From left: Norah Amsellem (Antonia), Tichina Vaughn (Antonia's Mother) and Nicolas Cavallier (Dr. Miracle).
Elise Bakketun photo
How does the Antonia scene relate to the larger The Tales of Hoffmann story?
It’s just like the other “tales” really: Guy meets girl. Guy loves girl. There’s an assumption of a happy ending. But it doesn't work out. Hoffmann’s first love, Olympia, is sort of a fashion trend. Antonia shows a different aspect of femininity: she’s delicate and vulnerable. Basically, Hoffmann can’t handle any type of lady. Antonia is seduced toward her own destruction, and Hoffmann has to witness all of that. There’s nothing he can do to save her.
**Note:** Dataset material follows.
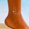 Brățară de gleznă cu inimă cu strat dublu, la modă în Europa și America - Bijuterie minimalistă de plajă pentru femei
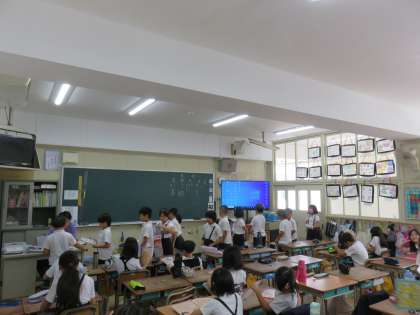 国語の授業の様子です。新出漢字の学習をしていました。ドリルにていねいに書いた後、先生が一人ずつ点検していました。大きなまるをつけてもらうと嬉しいですよね。

Your roots here at Seattle Opera go way back. What do you remember about the 1992 Aida or the 1993 Don Carlos?
Both of those opportunities included roles (Amneris and Eboli, respectively) that I’ve now turned career roles. I’m just so grateful to Speight Jenkins because he was the first person who really believed in me, who took a chance on a young mezzo. This was my first real, substantial role. Auditioning for Speight was intimidating, (I knew he had that eye and that ear for great singers). At one of the Don Carlos rehearsals where i had been constantly marking a difficult aria, Speight came up to me and said, “Now look here, I know you’re nervous, but your voice is made for this, you can do it!”

Tichina Vaughnn as Amneris in the 1992 Aida. Matthew McVay photo. 

What’s it like being an American living in Germany?
I really love it. It’s not really being “An American living in Germany,” because in Europe, everything is so international. Practically every performance I’m in has people of different ethnicities. Honestly, the best part about living in Germany is that it’s in Europe. It’s where this art form originated. It’s like singing on holy ground.

What’s it been like for your daughter and son to grow up in Germany?
I coined a term to describe my kids: “Amereuopean.” They are completely culturally European, though. My son’s heart language is German. If he ever needs to say anything important to me, he always speaks in German. I’m originally from North Carolina, and recently, I took my kids to see where I grew up. We were on the highway, and they my son was like, “Mom, why are you going so slow?” The concept of a speed limit was shocking to my kids. In Germany, of course, on the Autobahn, we don’t have any limit.

What’s it like being a part of Speight’s last production?
It’s something that I’m going to reassure as a truly awesome moment in my life.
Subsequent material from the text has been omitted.